Extracted entries:
++++++++

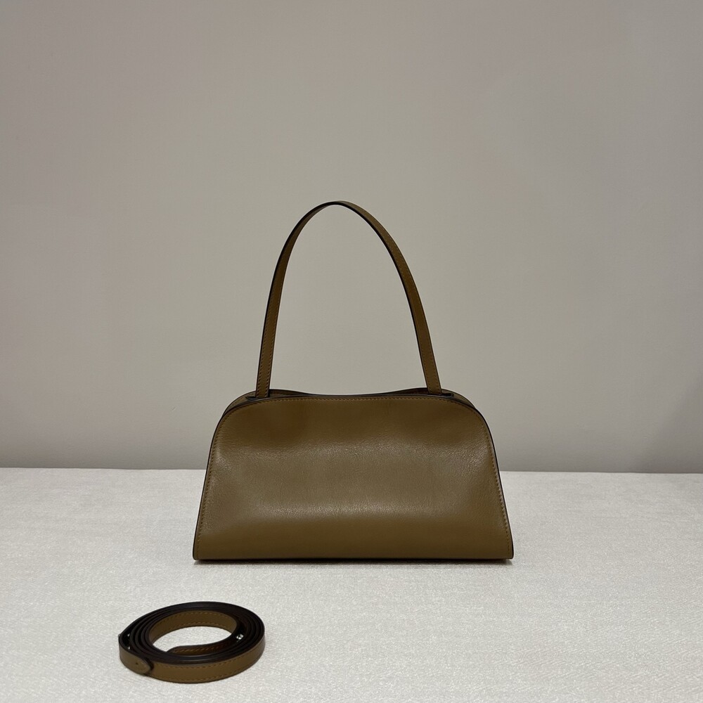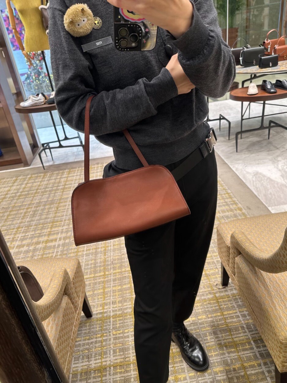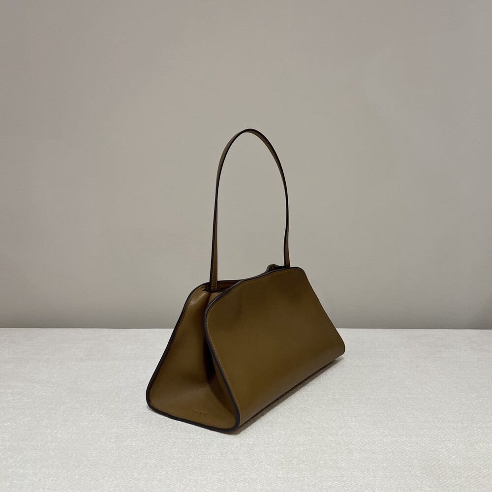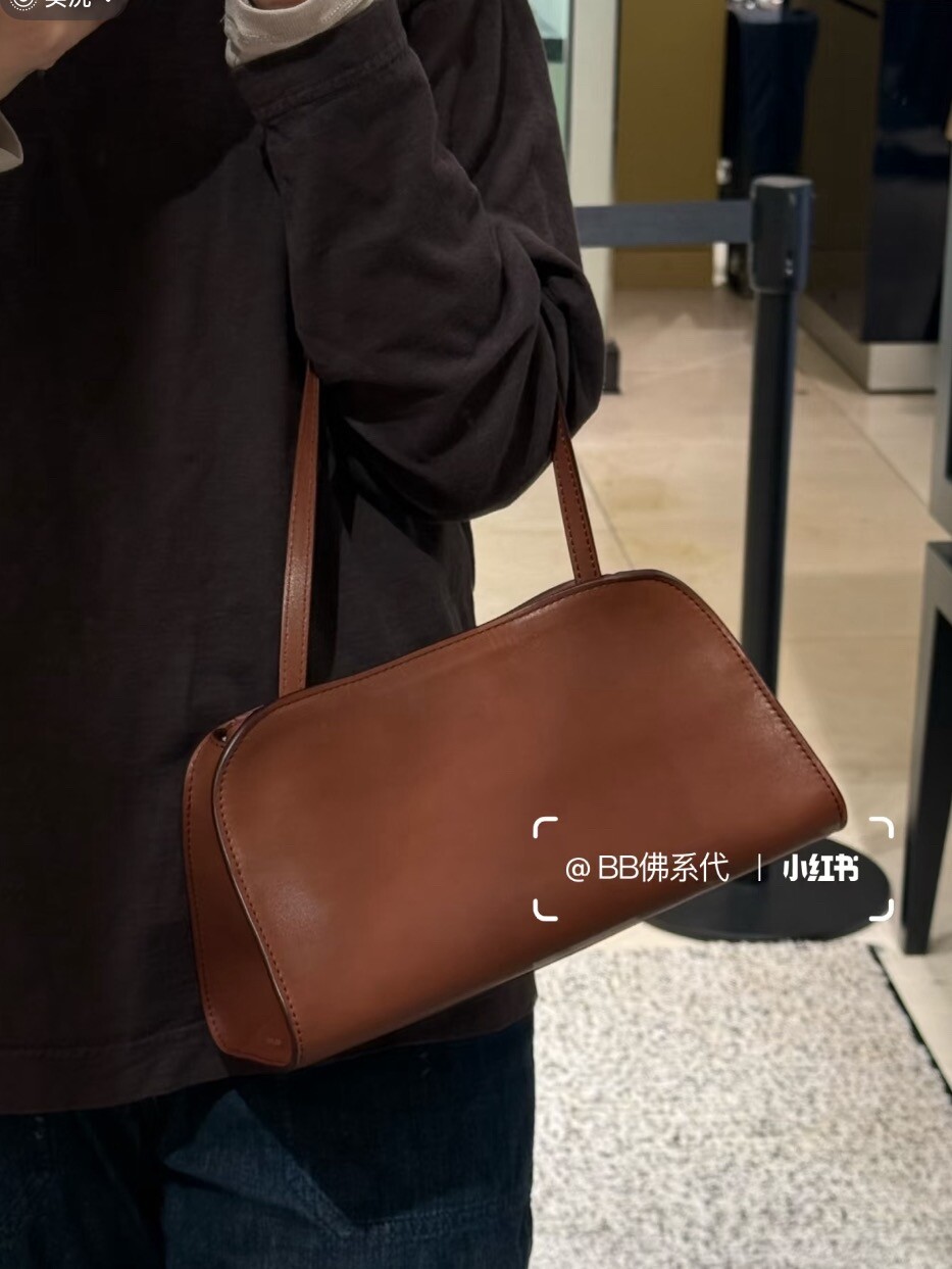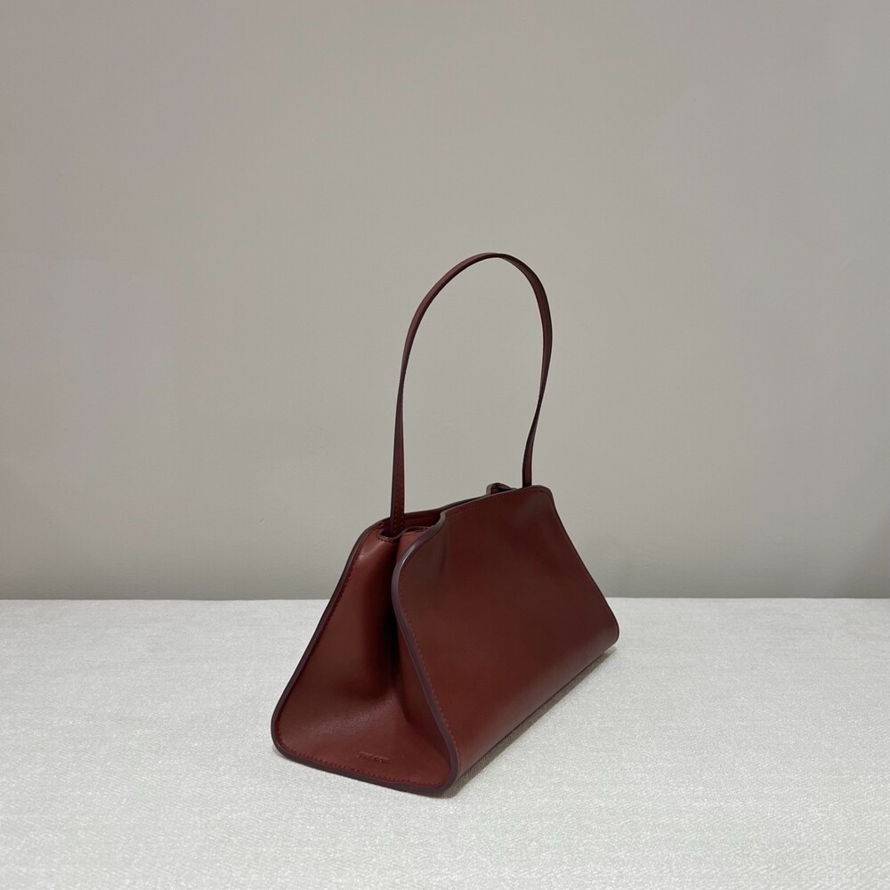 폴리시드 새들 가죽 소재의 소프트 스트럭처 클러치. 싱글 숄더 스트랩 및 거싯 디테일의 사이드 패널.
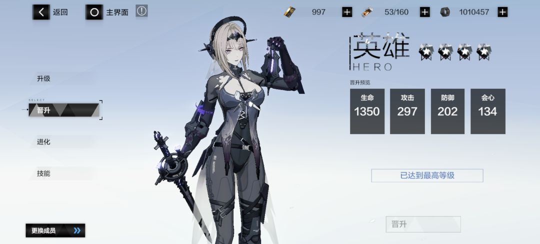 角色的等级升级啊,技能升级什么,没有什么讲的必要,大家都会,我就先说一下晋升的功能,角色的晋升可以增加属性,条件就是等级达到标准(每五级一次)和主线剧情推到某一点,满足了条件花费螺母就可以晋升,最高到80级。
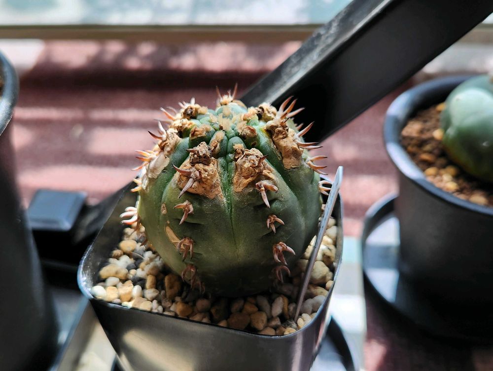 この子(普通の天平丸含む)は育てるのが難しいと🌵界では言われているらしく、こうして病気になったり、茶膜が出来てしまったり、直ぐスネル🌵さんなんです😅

++++++++

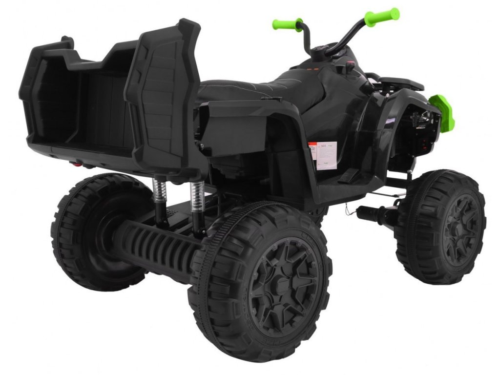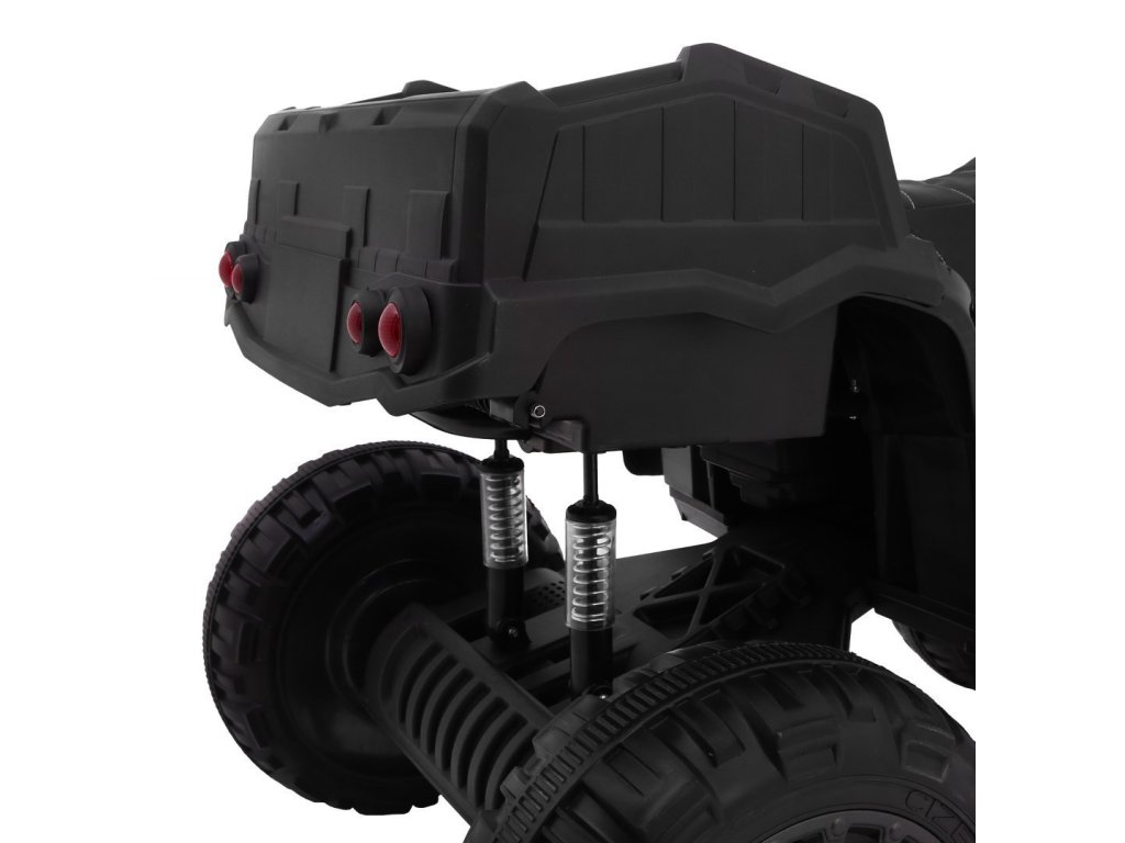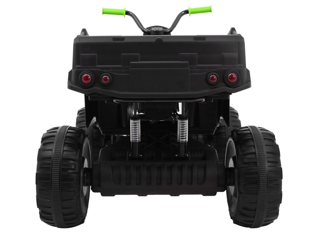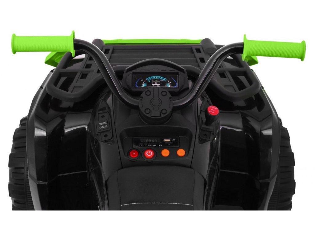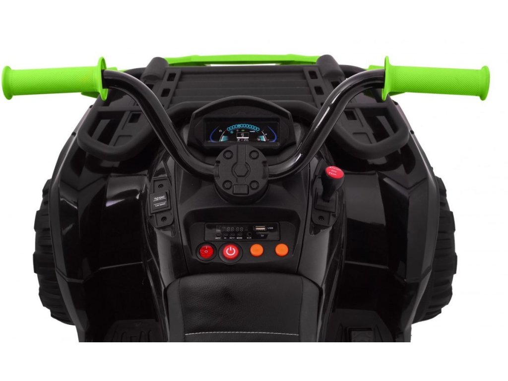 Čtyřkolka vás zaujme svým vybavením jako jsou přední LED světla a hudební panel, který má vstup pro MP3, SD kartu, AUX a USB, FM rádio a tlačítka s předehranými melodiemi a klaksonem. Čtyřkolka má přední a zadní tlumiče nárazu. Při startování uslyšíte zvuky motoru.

++++++++

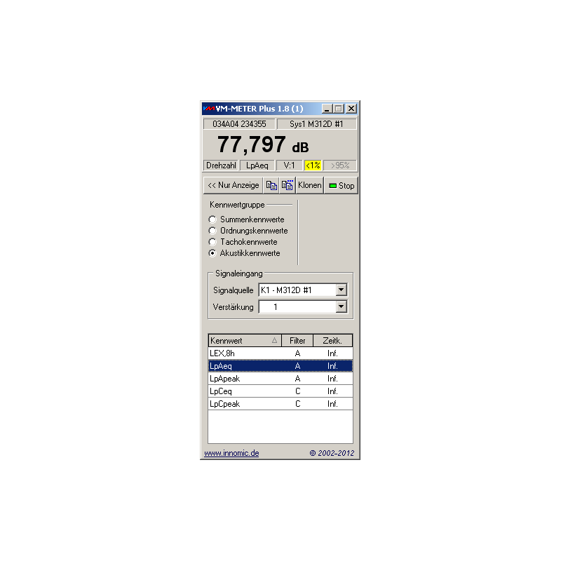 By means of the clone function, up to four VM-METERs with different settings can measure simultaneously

++++++++

Your objective: What do the entries above read from the line containing "角色的等级升级啊,技能升级什" through the line containing "この子(普通の天平丸含む)は"? Output those lines exactly, both ends included, with the pictures left out.

Answer section:
 角色的等级升级啊,技能升级什么,没有什么讲的必要,大家都会,我就先说一下晋升的功能,角色的晋升可以增加属性,条件就是等级达到标准(每五级一次)和主线剧情推到某一点,满足了条件花费螺母就可以晋升,最高到80级。
 この子(普通の天平丸含む)は育てるのが難しいと🌵界では言われているらしく、こうして病気になったり、茶膜が出来てしまったり、直ぐスネル🌵さんなんです😅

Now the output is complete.